To prove: $\displaystyle{\prod_{n = k_0}^{\infty} (1 - a_n)} \;$ converges to a $\lambda$ that is strictly greater than $0$.

Motive: On pages 10-11 of this pdf, the assertion helps prove that if ${\sum_\limits{n=1}^{\infty}a_n} \;$ is convergent, then the infinite continued fraction given by $[a_0; a_1, a_2, \cdots]$ does not converge to a value.

Partial Work: My query has actually already been answered by this question. Reviewing the answers in the previous question, I agree that $\ln(1-a_n) \sim -a_n \ (n \rightarrow +\infty).$ I also agree that it is sufficient to show that $\sum_\limits{k\geq k_0} \ln(1 - a_k)$ is convergent.

Stumbling Block: I googled on "real analysis equivalence test convergence" and could not find any online reference.

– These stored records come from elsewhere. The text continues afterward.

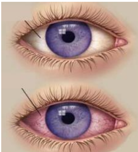
Slika 16. Posljedica ne korištenja zaštitnog sredstva za oči

Ulja su npr. dobra da se aktivna tvar zalijepi za biljku, praškasta inertna sredstva se koriste za raspršivanje po zemlji i/ili biljkama. Inertne komponente ponekad mogu uzrokovati akutne efekte kod ljudi tako npr. petroleum koji se koristi kod tekućih pesticida, a može uzrokovati iritaciju očiju, grla i nosa, te rijetko i slučajevne kemijski inducirane upale pluća. Kod praškastih pesticida inertne komponente su najčešće talk, glina ili mljeveni biljni materijali kao npr. klipovi kukuruza koji mogu izazvati različite alergijske reakcije.
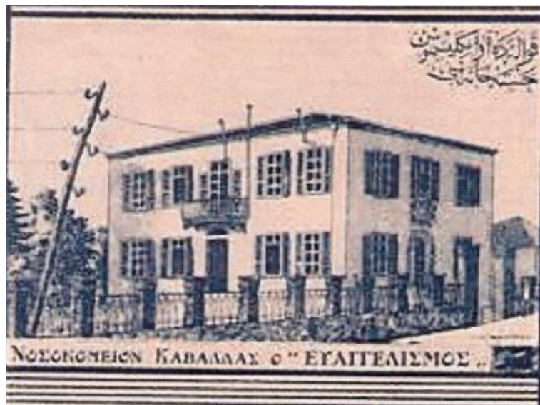
1. Το κτίριο του νοσοκομείου της ελληνορθόδοξης κοινότητας Καβάλας στην οδό 7 ης Μεραρχίας.
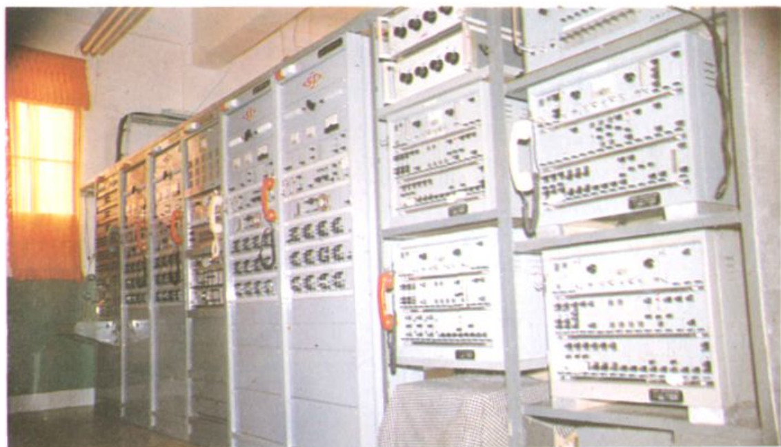
祥云县邮电事业发展迅速,从解放初的“摇把子”发展到九十年代具有世界先进水平的程控电话——图为程控电话机房。
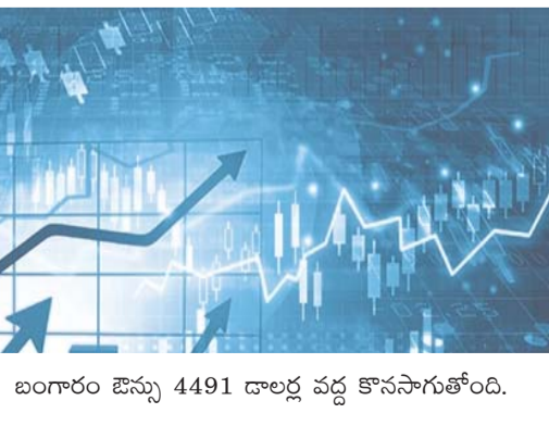
బంగారు బెన్సు 4491 డాలర్ల వద్ద కొనసాగుతోంది.

కోలుకుని 117.54 పాయింట్ల లాభంతో 75,318.39 వద్ద ముగిసింది. నిష్ఠి సైతం 41 పాయింట్ల లాభంతో 23,659 వద్ద స్థిరపడింది. దాలరుతో రూపాయి మారకం విలువ 96.83గా ఉంది. సెన్సెట్టివ్ 30 సూచీలో రిలయన్స్ ఇండస్ట్రీస్, బజాజ్ ఫిన్ సర్వీస్, ట్రెంట్, ఇండిగో, యాక్సిస్ బ్యాంక్ షేర్లు లాభాల్లో ముగిశాయి. బీజేఎల్, టెక్ మహేంద్రా, ఎటెర్నల్, టాటా స్టీల్, హిందుస్థాన్ యూనిలివర్ షేర్లు నష్టాలు చవిచూశాయి. అంతర్జాతీయ వివశిత్రో ట్రెంట్ క్రూడ్ బ్యారెల్ ధర 109 డాలర్ల వద్ద ట్రేడవుతుండగా..
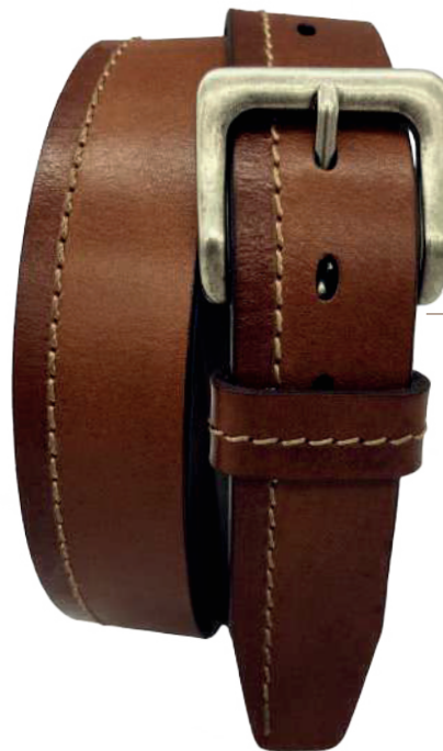
Modelo: 4175 Cinturón casual, vaqueta encino Colores: cognac, negro y café Ancho: 38 mm Tallas: 30-44
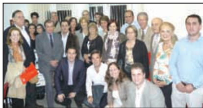
Comité Científico de Tendencias en Medicina, Encuentro Anual 2014, Montevideo, Uruguay
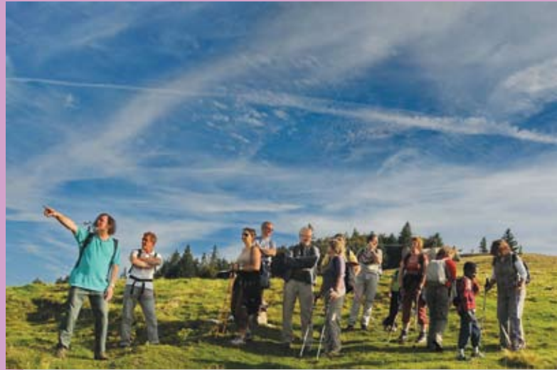
Sortie du Conseil Municipal au Huss
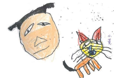
幼兒的學習單紀錄-發呆
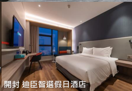
開封 迪臣智選假日酒店
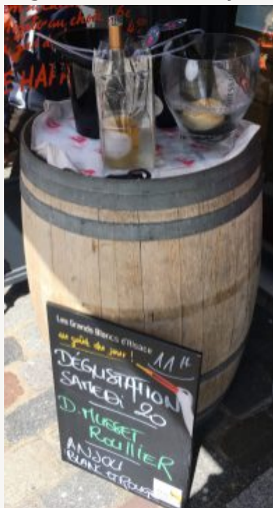
Au soleil, c'est encore mieux :)
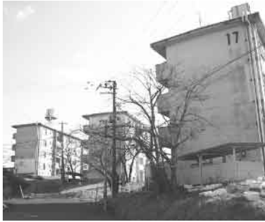
▲暴力団員の入居が禁止となる市営住宅

しかし、少子高齢化が進めば現役世代の負担が増加せざるを得ない。制度改革に痛みを伴うのは事実だが、よりよい制度を作り上げていくために、市として、広域連合とともに着実に準備を進め、市町村の立場から現実的な議論を積み上げるべきである。
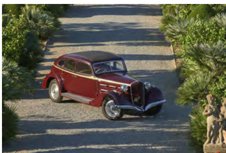
Alfa Romeo 6C 2300

La vendita di Pandolfini a Villa La Massa il 27 settembre presenterà, in effetti, una grande varietà di automobili, in grado di suscitare l'interesse di tutti gli appassionati, e di tutte le tasche.
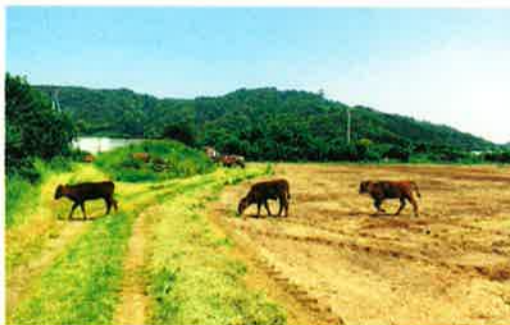
にらみ合いに負けて、すごすごと牛舎に向かう三頭（笑）向かってこられたら、怖いサイズです。

それは冗談。農場の隣にある牛舎から抜け出して、農場の中を闊歩しているらしいのです。それにしても器用に…今は、にんにくも収穫した後なので良いのですが、まさかケールを育てている時に糞を落とされる危険性があるということ？
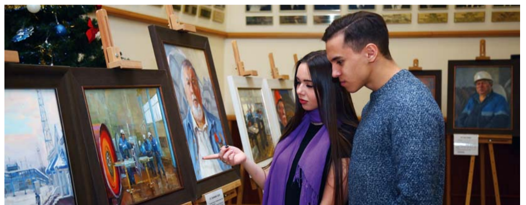
Студенты Губкинского университета
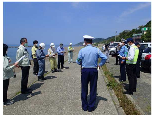
合同現地調査の様子

I am actually requesting an $\epsilon,\delta$ argument that
${\sum_\limits{k\geq k_0}a_k} \;$ convergent implies ${\sum_\limits{k\geq k_0}\ln(1 - a_k)} \;$ convergent.

Alternative Request: An online reference to the equivalence test or an $\epsilon,\delta$ argument that :
given two series $\{a_k\}$ and $\{b_k\}$ where $\lim_\limits{n\rightarrow\infty} \frac{a_n}{b_n} = c \neq 0,$ then $\sum a_k$ convergent iff $\sum b_k$ convergent?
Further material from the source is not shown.